[all][ops][qa] Decommissioning RefStack and retiring related software
The RefStack service at refstack.openstack.org has been unused for purposes of qualifying OpenStack trademark licenses[*] since March of last year, after a 2023 board resolution[**] relaxed the former requirement for it. Effective immediately, the service is being decommissioned along with any associated resources, and the related Git repositories in OpenDev (interop, refstack, refstack-client) will be officially retired in the near future as well. Let me know if you have any questions or concerns. [*] https://openinfra.org/legal/trademark-policy [**] https://board.openinfra.org/meetings/minutes/05122023BoardMinutes -- Jeremy Stanley on behalf of the OpenInfra Foundation
On Wed, 30 Jul 2025 at 21:11, Jeremy Stanley <jeremy@openinfra.dev> wrote:
The RefStack service at refstack.openstack.org has been unused for purposes of qualifying OpenStack trademark licenses[*] since March of last year, after a 2023 board resolution[**] relaxed the former requirement for it. Effective immediately, the service is being decommissioned along with any associated resources, and the related Git repositories in OpenDev (interop, refstack, refstack-client) will be officially retired in the near future as well.

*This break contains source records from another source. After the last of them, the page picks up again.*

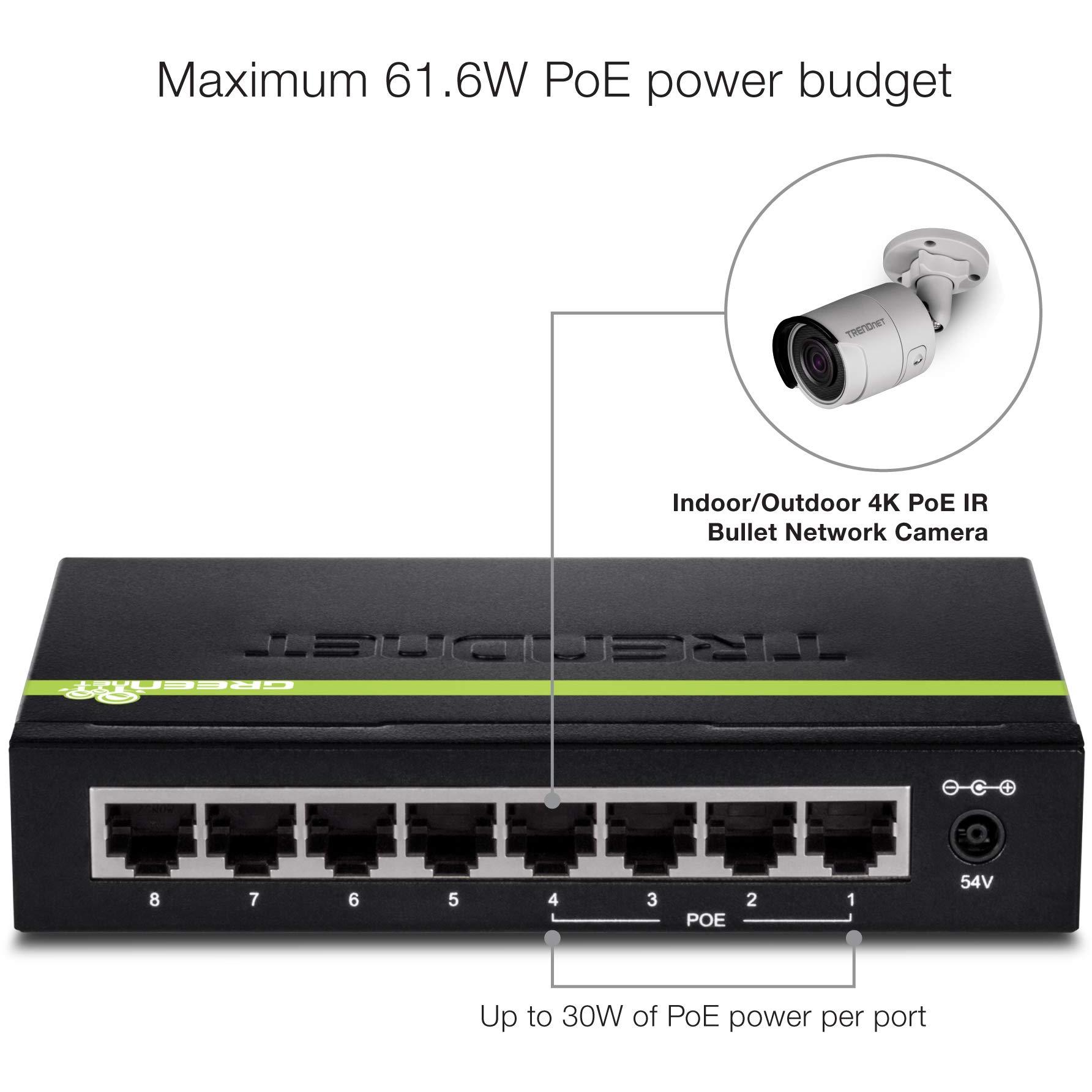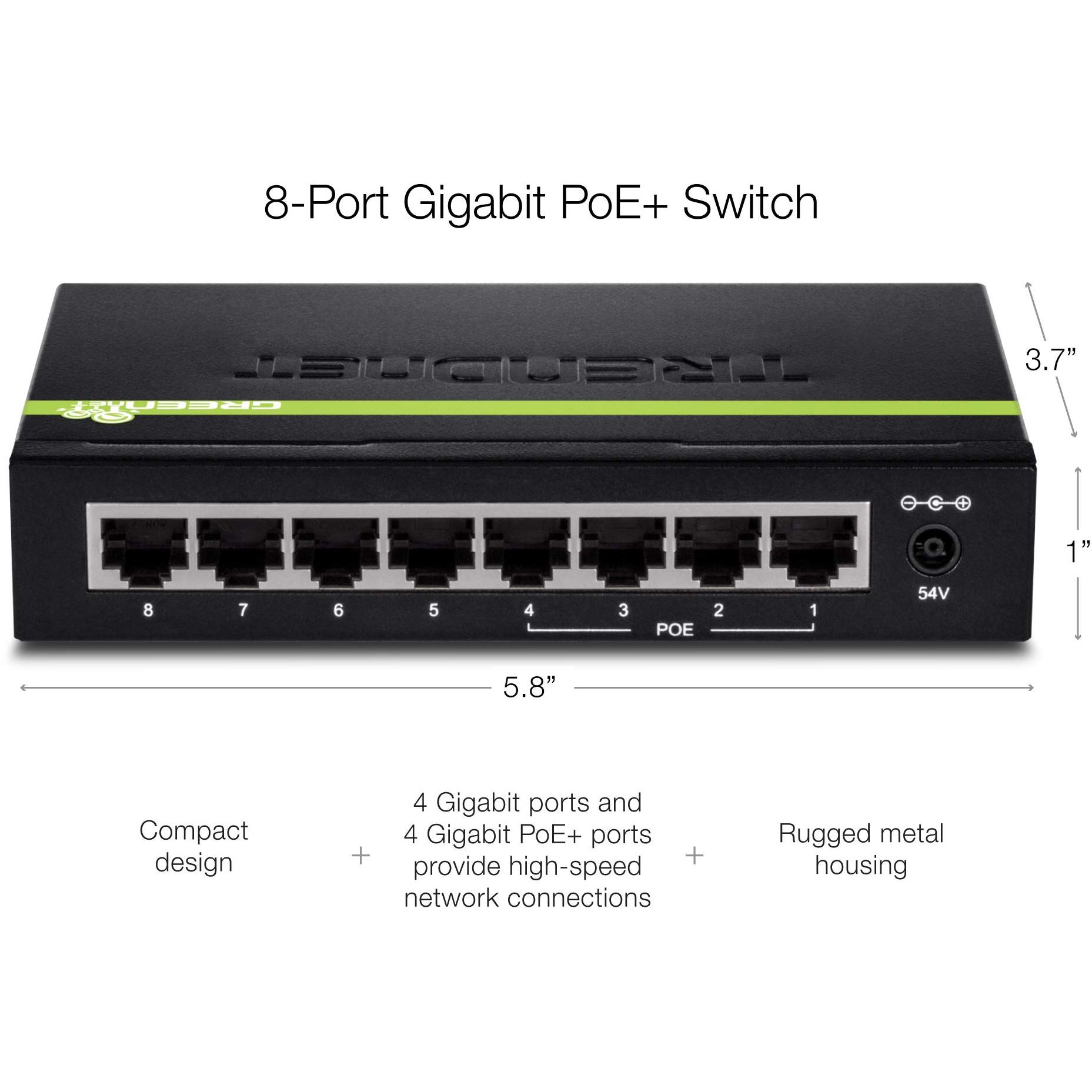 Switch PoE+ GREENnet TRENDnet TPE‑TG44g è un connettore nero a otto porte Gigabit, quattro delle quali forniscono fino a 30 W ciascuna per alimen ...
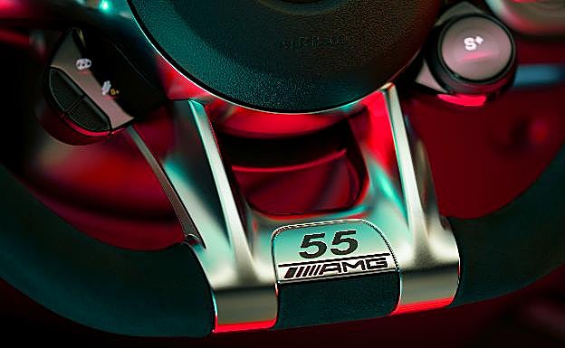 El volante AMG Performance de microfibra DINAMICA también conmemora el aniversario con los distintivos 'AMG' y '55', convirtiendo el modelo especial en una exclusiva pieza de coleccionista. Los asientos AMG de diseño específico están tapizados en cuero napa bicolor en color rojo/negro clásico. El ambiente exclusivo del interior se completa con los elementos de adorno AMG en carbono mate.
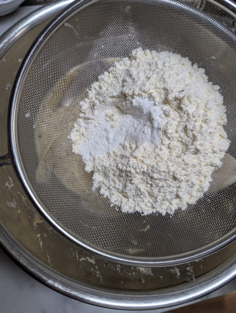 5.薄力粉(120g)、ベーキングパウダー(小さじ1)を一緒に振るい入れ、ゴムベラでさっくりと混ぜ合わせます。
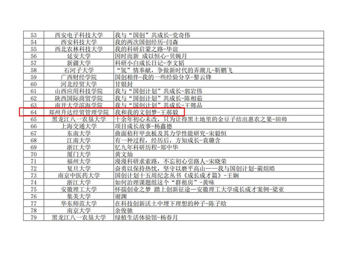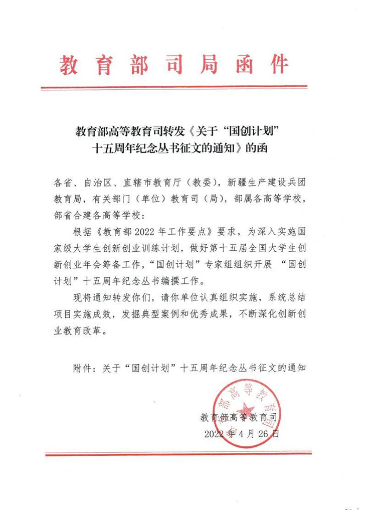 近日,教育部高等教育司转发《关于“国创计划”十五周年纪念丛书征文的通知》的函,公司选送的、由会计公司王郝毅、高雪儿同学撰写的《我和我的文创梦》成功入选《成长成才篇》;同时,根据教育部高教司的意见,参加第十五届国创年会期间开展的“我和国创共成长”——成长成才故事线上联讲活动。
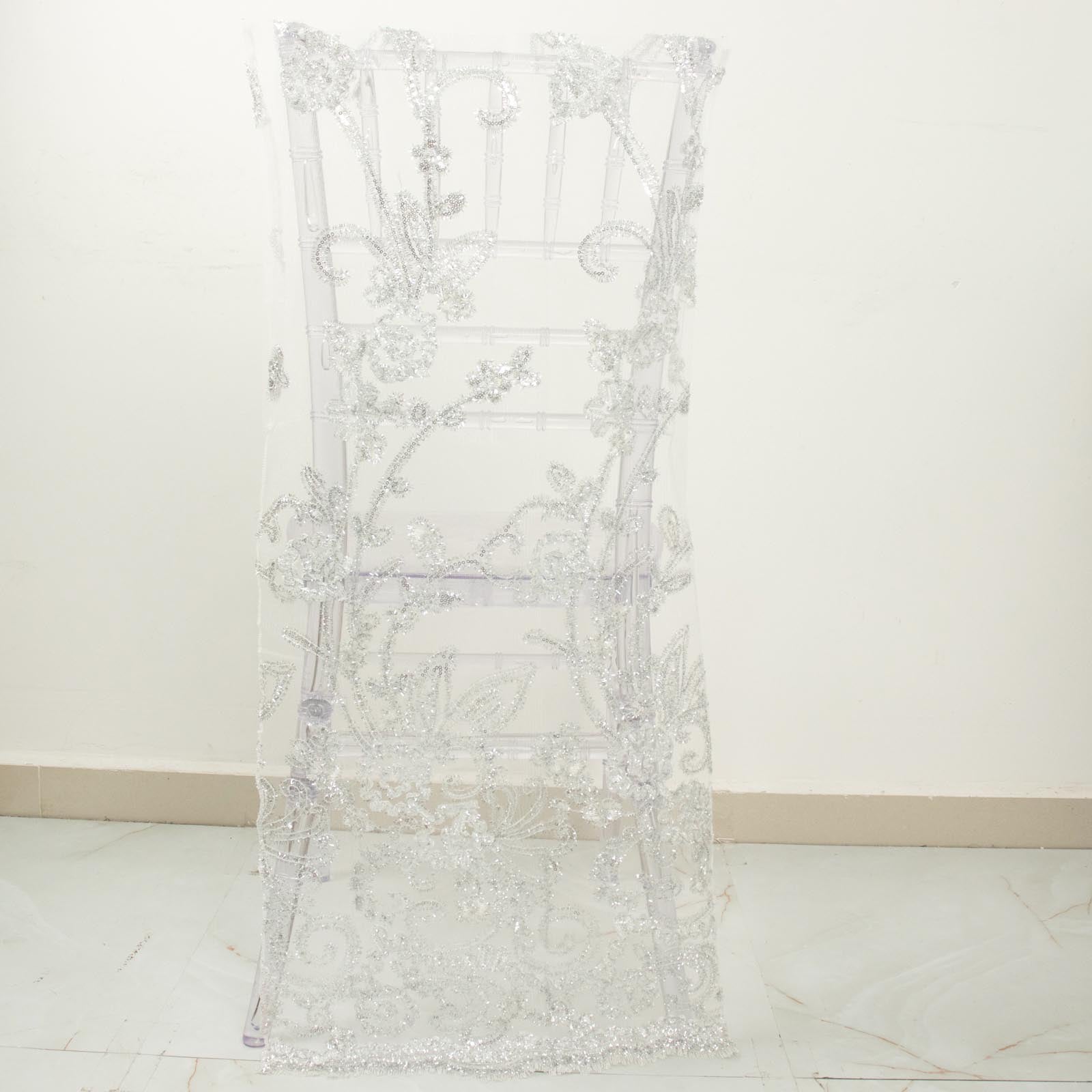 White Organza Floral Sequin Embroidered Wedding Chiavari Slipcover, Wedding Chair Back Lace Cover
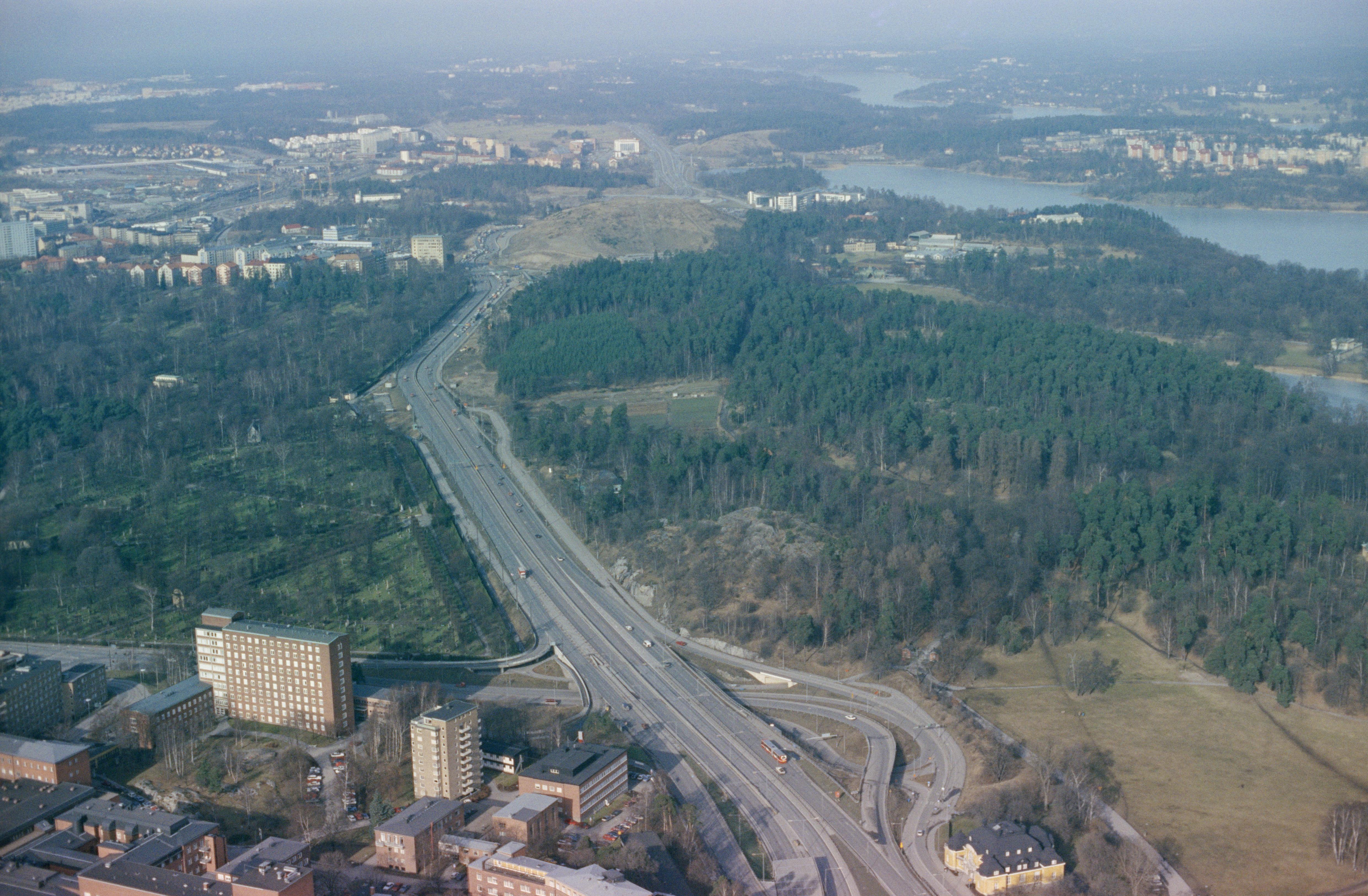 Beskrivning: Nere till vänster Karolinska Universitetssjukhuset. Till höger Haga Tingshus och Gamla Haga i Hagaparken RAÄnr Solna 30:1-3. I bildens övre del Hagahuset och Hagakullen i Haga Norra. Bilden är tagen mot (väderstreck): NV

Let me know if you have any questions or concerns.
[*] https://openinfra.org/legal/trademark-policy [**] https://board.openinfra.org/meetings/minutes/05122023BoardMinutes -- Jeremy Stanley on behalf of the OpenInfra Foundation
Are the test lists formally available from RefStack, such as version 2022.11, still available somewhere? It was useful to be able to run a focused Tempest test suite to quickly validate core functionality of an OpenStack deployment.
On 2025-08-04 16:51:31 +0200 (+0200), Pierre Riteau wrote: [...]
Are the test lists formally available from RefStack, such as version 2022.11, still available somewhere? It was useful to be able to run a focused Tempest test suite to quickly validate core functionality of an OpenStack deployment.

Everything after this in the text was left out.